أودية شهوانية، أو المشي في القدس في التسعينيات
النص الكامل: 

 

In the 1990s, i walked all around Jerusalem. tomes have been written about religious sentiments aroused by walking the streets of this Holy City. the very stones radiate sanctity, history, and faith. People spend vast resources to get here, to feel its power and walk the streets of Jerusalem. i had no such desire or experiences because i walked in the city not as one of these tourists of faith, but as a foreigner living here in order to conduct research and work. i walked among the sacred places, the purveyors of faith and practicing worshippers every day, but was more immersed in the life of the contemporary city; the city whose Palestinian inhabitants struggle to maintain some grip on. i was prepared for all of these elements of living in Jerusalem, the holy reverence and the steadfast resistance, and i learned a great deal from living these experiences. i was not prepared however, for the base mundaneness that i bumped into while walking in the city.

I walked at least part of the way to work every morning. i would make my way by shared taxi from where i lived in ‘izzariya, on the east side of the Mount of olives, into the city. the israelis had recently put up checkpoints, and i lived on what they decided would be the West Bank side of the checkpoint. it was, in comparison to the checkpoints of today, a fairly primitive stand of cement blocks with well-armed soldiers stopping cars that lined up politely along the road. We’d all hold up our identity cards, and i my american passport; they’d look us over, and on most days we’d go through. When it looked like the israelis were being particularly challenging, or turning people away, the taxi drivers would know to take us over tal‘at al-Shayah to the Mount of olives, through al-tur and down via Sawaneh into the city. But our normal route took us from ‘izzariya up to Ra’s Qubsa and around the curve of the Mount of olives where all the Jewish, Christian, and Muslim holy places would come into view.

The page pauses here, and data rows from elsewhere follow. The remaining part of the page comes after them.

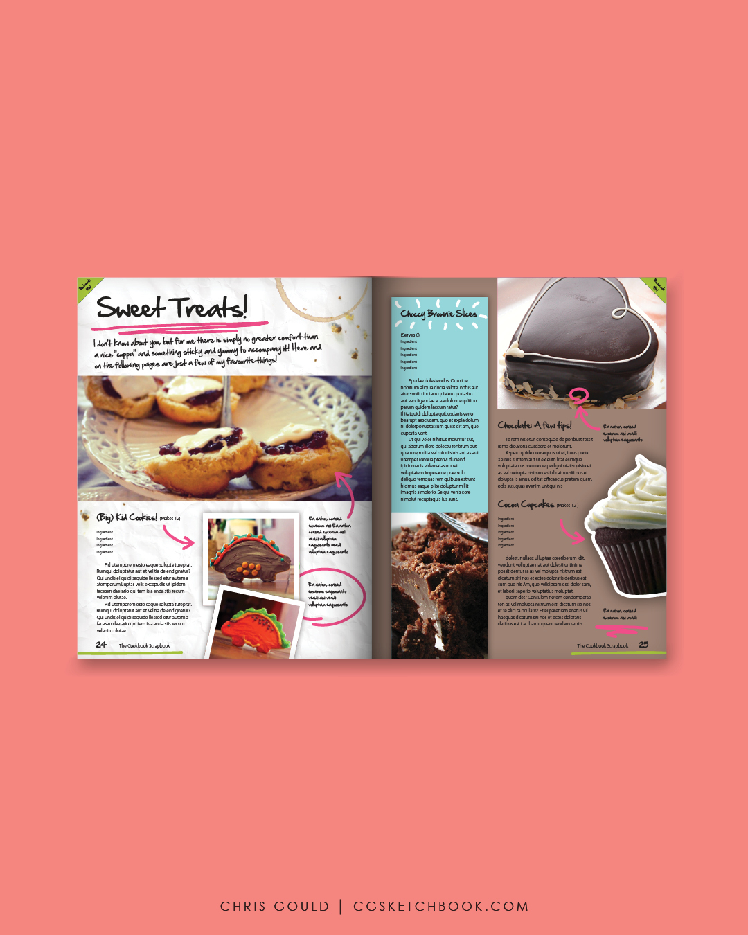 Self initiated book concept and sample layout for “The Cookbook Scrapbook” concept
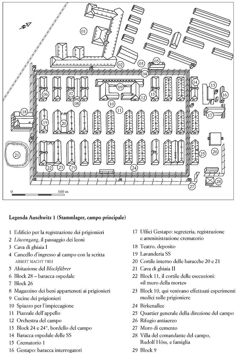 Alle prime luci dell’alba il convoglio si rimise in moto un’ultima volta e dopo pochi minuti si fermò su una massicciata, in mezzo al paesaggio pianeggiante. Lungo i binari c’erano gruppi di dieci, dodici uomini. Indossavano berretti e divise a strisce bianche e azzurre. Molte SS camminavano avanti e indietro prese da un’incomprensibile operosità.
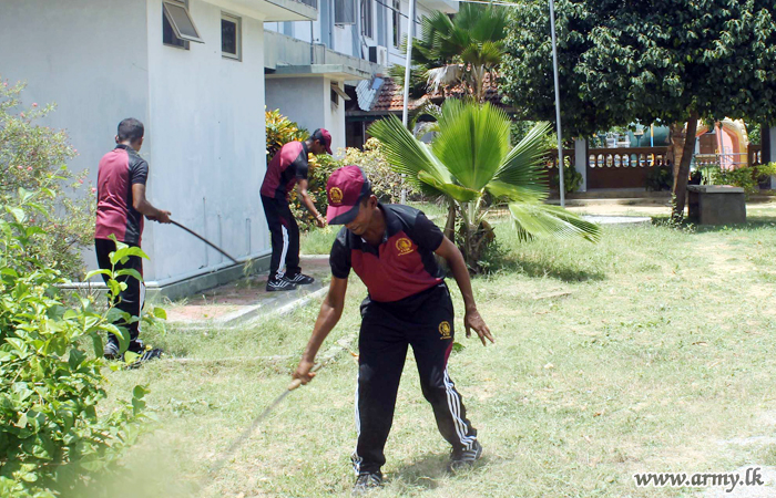 Troops of the 4 Vijayabahu Infantry Regiment (VIR) in the 523 Brigade of the 52 Division under the Security Force Headquarters - Jaffna (SFHQ-J) on Saturday (7) took part in a community project to clean the Chavakachcheri Base Hospital precincts at the request of medical authorities.
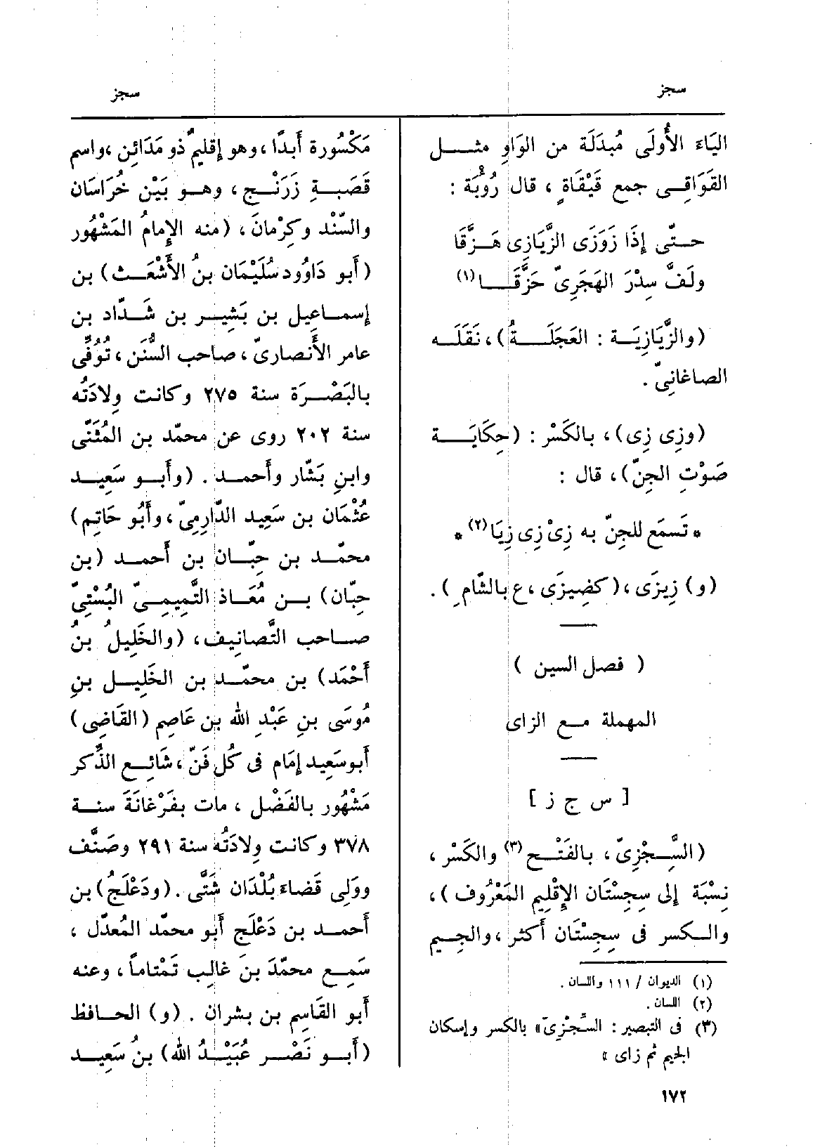 السَّجْزِيّ، بِالْفَتْح والكسْر، نِسبة إِلَى سِجِسْتان الإقليم المَعروف، والكسْر فِي سِجِستان أَكثر، وَالْجِيم مَكسورَة أَبداً، وَهُوَ إقليمٌ ذُو مَدَائِن، وَاسم قَصَبَة زَرَنْج، وَهُوَ بَين خُراسان والسّند وكِرمان، مِنْهُ الإِمَام المَشهور أَبو دَاوُود سُليمان بن الأَشعث بن إِسْمَاعِيل بن بشير بن شدّاد بن عَامر الأَنصاريّ، صَاحب السُّنن، توفّي بِالْبَصْرَةِ سنة وَكَانَت وِلَادَته سنة روى عَن مُحَمَّد بن المثنّى وَابْن بشّار وأَحمد. وأَبو سعيد عُثْمَان بن سعيد الدَّارِمِيّ، وأَبو حَاتِم مُحَمَّد بن حِبّان بن أَحمد بن حِبَّان بن مُعاذ التَّميميّ البسْتِيّ صَاحب التَّصانيف، والخليل بن أَحمد بن مُحَمَّد بن الْخَلِيل بن مُوسَى بن عبد الله بن عَاصِم القَاضِي أَبو سعيد إِمَام فِي كلِّ فَنّ، شَائِع الذِّكر مَشْهُور بالفضْل، مَاتَ بفَرْغانة سنة وَكَانَت وِلادته سنة وصَنَّف ووَلِيَ قضاءَ بلدان شتَّى. ودَعْلَجُ بنُ أَحمد بن دَعْلَج أَبو مُحَمَّد المُعدّل، سَمع مُحَمَّد بن غَالب تَمْتاماً، وَعنهُ أَبو الْقَاسِم بن بَشرَان. والحافظ أَبو نصر عُبيد الله بنُ سعيد

Breathing in this vision of the city’s majesty was a good start to the morning and end of the day. i would get out at Bab al-Sahira (al-Zahra), retrieve office mail from the post office at the corner of Jericho Road and then walk up Salah al-Din Street to the Muna family’s Educational Bookshop where i would buy the day’s newspapers, and continue walking through the city to Shaykh Jarrah, passing the american Colony hotel, the petrol station, and the neighborhood’s historic mosque (referred to rather inauspiciously on a British Mandate map as Jami‘ Shaykh al-Harah). i’d continue down the road past Wadi al-Joz, where on occasion, religious Jewish men would hurry by on their way to visit the tomb of Shim’on Hatzediq (Simon the Just). the whole walk was usually punctuated by army jeeps speeding among Palestinian cars honking those heart-stopping grunt horns whose sound does not yet have an English word. i would repeat this journey in reverse on the way home.

It was on these long treks to and from work that i experienced the more mundane, perhaps i should say carnal and base, elements in the act of walking in Jerusalem. and while this experience is not unique to me, i would posit that most male foreigners will not have suffered it. amidst the bustle of cars, the rush of people shopping, children with ginormous bookbags squirreling in and out of the pedestrian traffic, i walked through the city and heard a twenty-something man with a mustache and muscles turn his head and say: “Can i fuck you?” My surprise was not so much at the question or the language, or even the request itself, but at the crudeness of the request. and that the request was so incongruous with both the holiness that pervades all narratives of the city, and Palestinians’ earnest resistance to israeli encroachments on their constantly policed lives. With all of these other goings-on, it seemed there was little space for such carnal activities to occur.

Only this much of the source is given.